- Interactive map of Gifford Pinchot State Park
- Location: Warrington Township, York County, Pennsylvania, United States
- Coordinates: 40°05′13″N 76°53′17″W﻿ / ﻿40.087°N 76.888°W
- Area: 2,338 acres (946 ha)
- Elevation: 492 feet (150 m)
- Established: 1961
- Administrator: Pennsylvania Department of Conservation and Natural Resources
- Website: Official website
- Pennsylvania State Parks

= Gifford Pinchot State Park =

State park in York County, Pennsylvania,

Gifford Pinchot State Park is a 2338 acre Pennsylvania state park in northern York County, Pennsylvania, in the United States.

It was named in honor of noted conservationist and former Pennsylvania Governor Gifford Pinchot. The fourth chief of the United States Division of Forestry, Pinchot was susbsequently appointed as the first head of the United States Forest Service.

Ground was broken for the new park by Pennsylvania Governor George M. Leader in May 1958, and a preliminary dedication ceremony was held on grounds of the new park in October 1958, during which Leader was presented with a commemorative plaque in memory of Pinchot by the Pennsylvania Forestry Association. The park officially opened to the public on Friday, May 26, 1961.

==History==
Planned as a new state facility during the 1950s, ground was broken for the state park in mid-May 1958 by Pennsylvania Governor George M. Leader. At the time, Leader said of Pinchot:

"As a Pennsylvanian, I am proud that we have named this Park the Gifford Pinchot State Park, as a tribute to one of Pennsylvania's greatest governors.

Although Pinchot is frequently remembered in Pennsylvania as the man who promised 'to get the farmer out of the mud' and kept that promise, he is probably most famous for his work in conservation. Theodore Roosevelt once said 'Gifford Pinchot is the man to whom the nation owes most for what had been accomplished regards the preservation of the natural resources of our country.'

As he served his nation, so he served his state."

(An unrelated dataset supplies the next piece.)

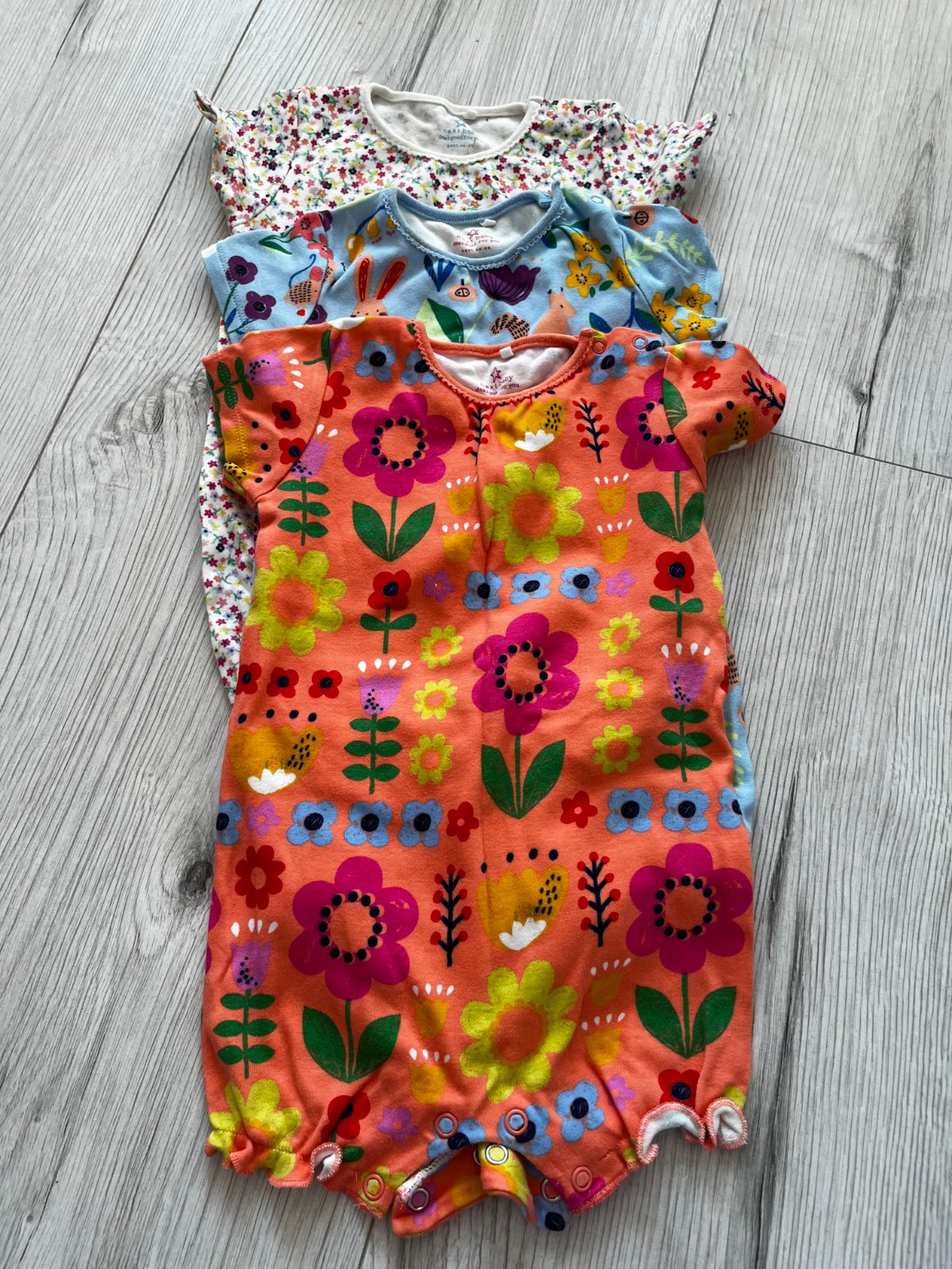 Predám trojbalenie letných overalov s krátkym rukávom značky Next, veľkosť: 74:

Additional land for the park was then subsequently acquired during the summer of 1958. Leader then presided over a preliminary dedication of park grounds when he accepted a commemorative plaque, which paid tribute to Pinchot, from the Pennsylvania Forestry Association in mid-October of that same year.

The park officially opened to the public in York County on Friday, May 26, 1961. Visitors were initially able to eat and socialize in the 2,300-acre park's picnic areas, as well as boat and swim in the park's three-mile-long lake, but were not yet able to camp or fish because campground areas were still under construction and the lake had not yet been stocked with fish fry by the Pennsylvania Fish Commission.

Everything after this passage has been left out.